If you have ever spent any time reading the book of Job, you will probably agree with me when I say that Job had a pretty lousy group of friends. Throughout the course of the book of Job, we watch Eliphaz, Bildad, Zophar, and eventually Elihu, taking their turns to blame and accuse, adding insult to injury to the plight of Job. Job had already lost so much; the last thing he needed were his friends to act the way they did.
They made mistakes. They said things they shouldn’t have said. They were real and authentic with Job, but it was more harmful than helpful. But in our scathing assessment of these friends’ behavior, we can easily overlook where Job’s friends went right. There’s one thing Job’s friends did well and, in fact, they likely did it better than the best counselors and pastors of our day.
“Now when Job’s three friends heard of all this evil that had come upon him, they came each from his own place, Eliphaz the Temanite, Bildad the Shuhite, and Zophar the Naamathite. They made an appointment together to come to show him sympathy and comfort him. And when they saw him from a distance, they did not recognize him. And they raised their voices and wept, and they tore their robes and sprinkled dust on their heads toward heaven. And they sat with him on the ground seven days and seven nights, and no one spoke a word to him, for they saw that his suffering was very great.” – Job 2:11-13
Let’s take some time to unpack what we see happening here:
First, “they came each from his own place.” Certainly all of these men had their own schedules, their own comforts, their own work to attend to. But these men made a decision to leave those things behind for the sake of being there for their friend Job.
“They made an appointment together.” There was no generalized offer of help, or a vague, “I’ll be praying for you man,” but a determined resolve to offer something to Job, “to show him sympathy and comfort him.” These three friends set out to do something. When the friends arrived in Uz and found Job, they visibly mourned and wept, certainly with him, tearing “their robes and sprinkled dust on their heads toward heaven.” They made Job’s suffering their own and they bore their dear friend’s burdens.
It is not only what Job’s friends determined to do, but also what they determined not to do that we can learn much from. Upon the visible signs of mourning these men demonstrated, “they sat with him on the ground seven days and seven nights, and no one spoke a word to him” (emphasis mine). This was a common full expression of mourning in the Old Testament (see Ezek. 3:15), but I am compelled by their desire to listen well.
In his new book Being There, Dave Furman addresses these verses and sums it up profoundly. “There is a kind of ministry that is without words” (p. 48). Often we think that to truly minister to someone, we must swoop in and fix the issue. But what if, instead of offering our lessons, our insights, our theology, and our reasonings, we simply offered our ears? This is what Job’s friends set out to do.

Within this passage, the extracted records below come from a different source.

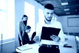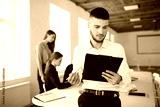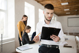 Young man with beard in white shirt thoughtfully holding folder while spending time in office with colleagues on background
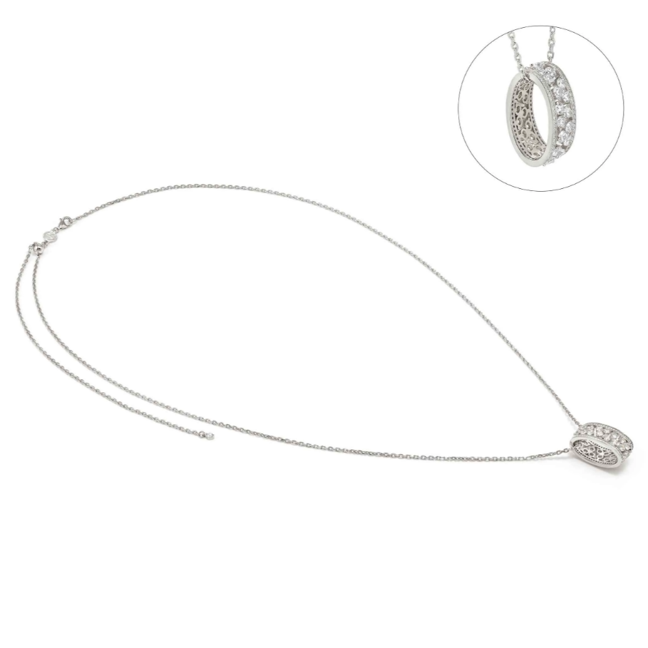 LIFE BOUQUET STERLING SILVER NECKLACE 242509/010 WHITE RING PENDANT CZ
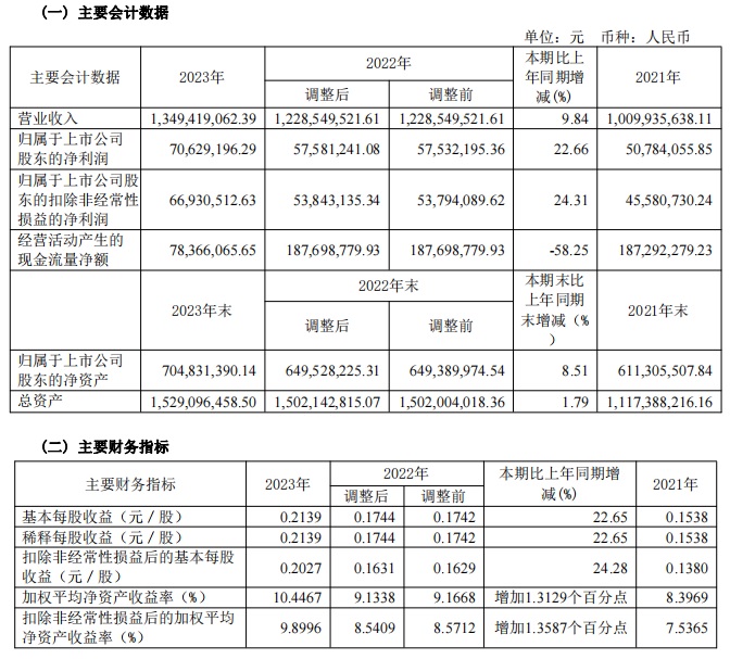 寶光股份2023年度主要財務指標
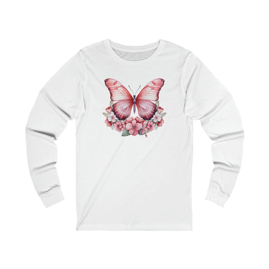 Beautiful Pink Butterfly Unisex Jersey Long Sleeve Tee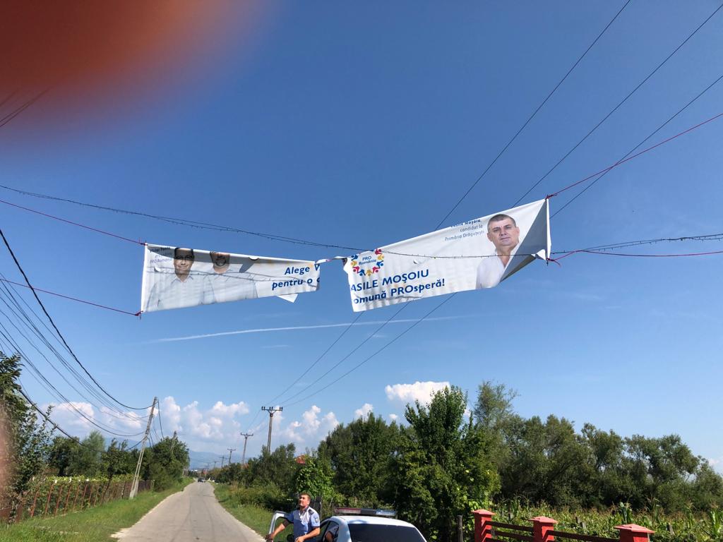 Reamintim că Moșoiu a cerut Primăriei să îi aprobe amplasarea a 12 bannere pe raza localității iar cerea s-a a fost respinsă de edilul PSD care i-a transmis în scris că poate pune doar 4 bannere și asta nu pe drumurile comunale.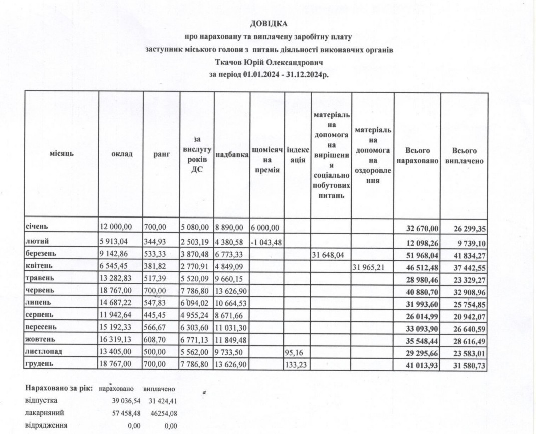 Загалом у 2024 році йому нарахували 506 565 грн, з них виплатили 406 349 грн.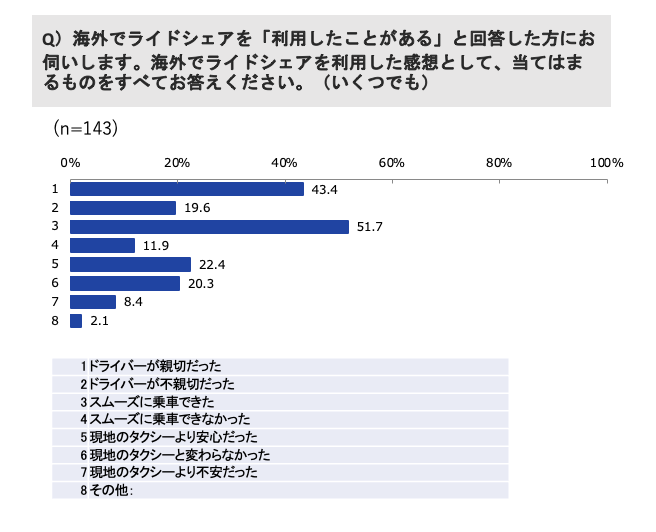 【設問】(海外でライドシェアを利用したことがある方)海外でライドシェアを利用した感想として、当てはまるものをすべてお答えください(n=143)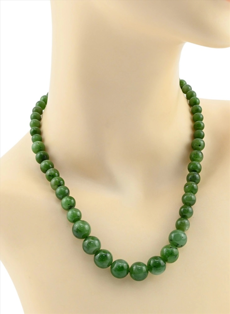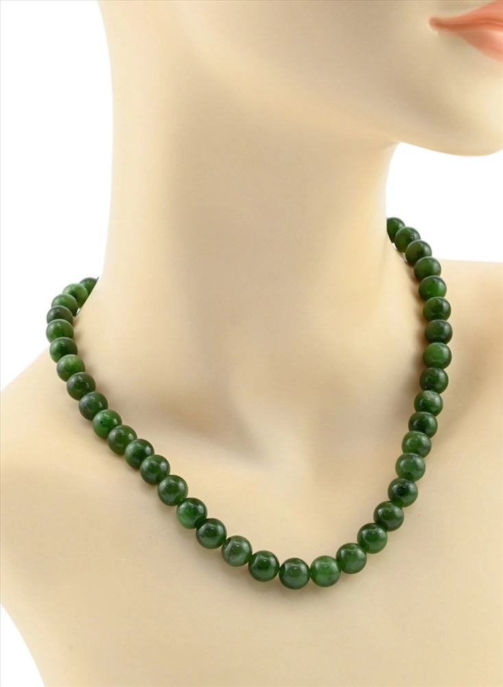 Колье из Нефрита шарики 8-12мм, 47см, 64,4г 2 фото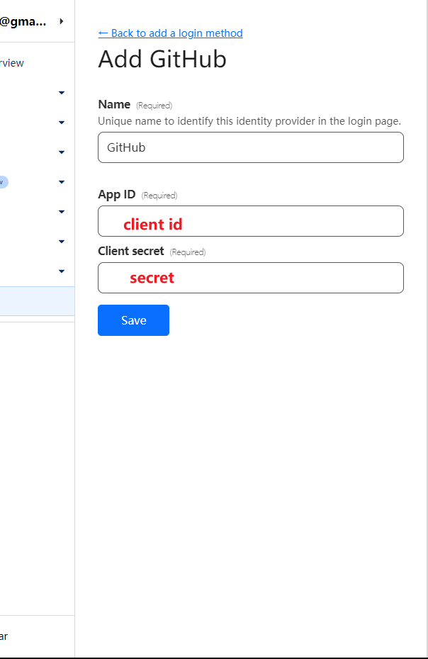 GitHub作为登录方式。 - 关键:不要直接点击开启默认的 GitHub 集成,而是要填入你刚刚在 步骤 3 中获取的 Client ID 和 Client Secret。这表示你正在使用自定义的 OAuth App,以便后续与特定的 GitHub Organization 关联。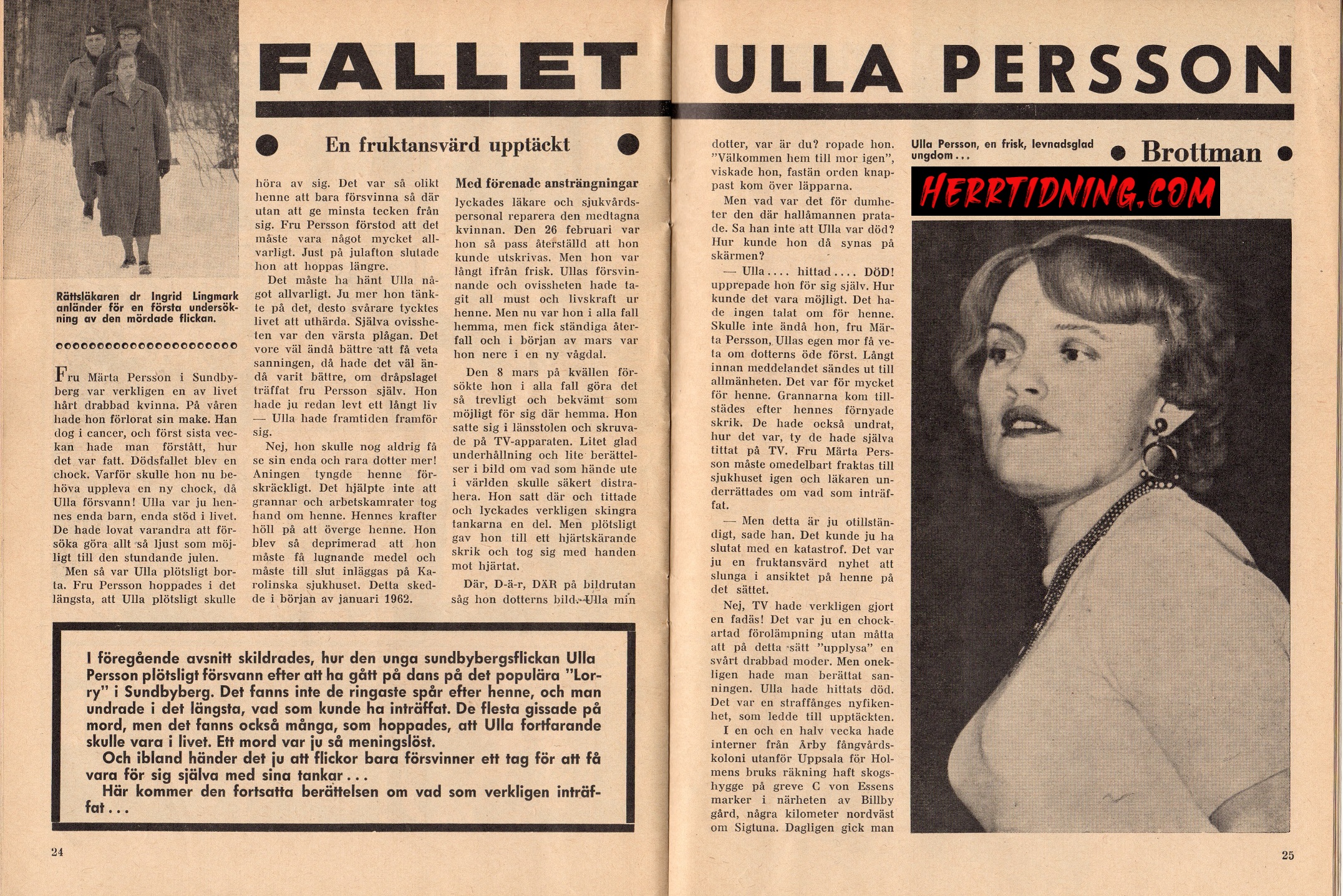 Tidigt i fallets historia så publicerade Kriminaljournalen en tvådelad artikelserie om fallet i nr 23 och 24 1962.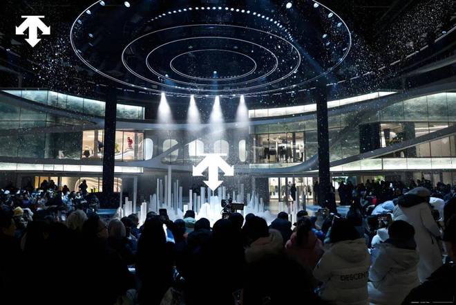 12月16日,迪桑特位于华贸中心广场的“未来之城”全球旗舰店正式揭幕,并且举办了“问顶未来”主题大秀。门店造型与大秀展示都相当有科技感和未来感,让人沉浸于对未来的向往和探索氛围中。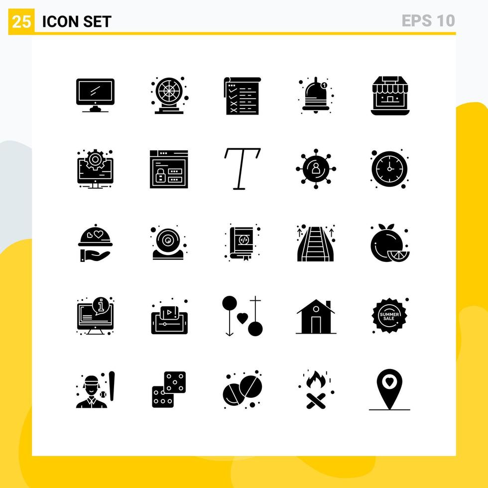 conjunto de pictogramas de 25 glifos sólidos simples de campana de juego de sonido de tienda qa elementos de diseño vectorial editables vector

Of course, we know that these friends made many mistakes. There were plenty of episodes of unchecked accusation, pride, and shaming that occurred in the following days. And when we find ourselves in this position, we will make mistakes, too. We will say the wrong things sometimes. We will offer unhelpful reasoning. But this does not mean we should not pursue the opportunity to demonstrate the power of the gospel in our listening.
I recently sat across the table from a dear friend who shared with me a major new circumstance that jolted his entire life. He was deeply stricken by the devastating news he had received and had little time to process it prior to our meeting. It was a hard conversation. I remember staring into my lunch plate, my mind reeling from the news, trying to come up with the perfect response that would calm all fears and bring hope to my friend. Then I caught myself and realized that I truly had no answer to fit the bill. So that’s what I said, or rather, didn’t say: “I wish I knew what to say, but I have to be honest, I have nothing to say.”
This was good for him, and for me, to hear. Because now my focus turned from telling to listening. It was good for my friend to hear that he wasn’t a pastoral project, that he wasn't going to get the runaround with a “6 Steps” formula to feeling better. It was also good for me, because I realized this wordless ministry is Spirit-dependent and sweet. It is good for the pastor’s ego for him to not have all the answers. From this point on, I listened. Nothing was resolved by the cultural standard, but my friend left encouraged and I left more compassionate for my brother in Christ.
The best ministry Job’s friends showed him was the listening, not the telling, they did. They were, as Furman notes, “a silent presence of encouragement.” Of course, hurting people need wisdom, they need counsel, they need rebuke, and they need the gospel proclaimed. But all of this must flow out of a posture of listening. I want to be the kind of listener that Eliphaz, Bildad, and Zophar were. The best opportunity you have to proclaim the gospel to a hurting friend, or a struggling couple, or a discontented spouse is not a polished answer, but a resolve to listen.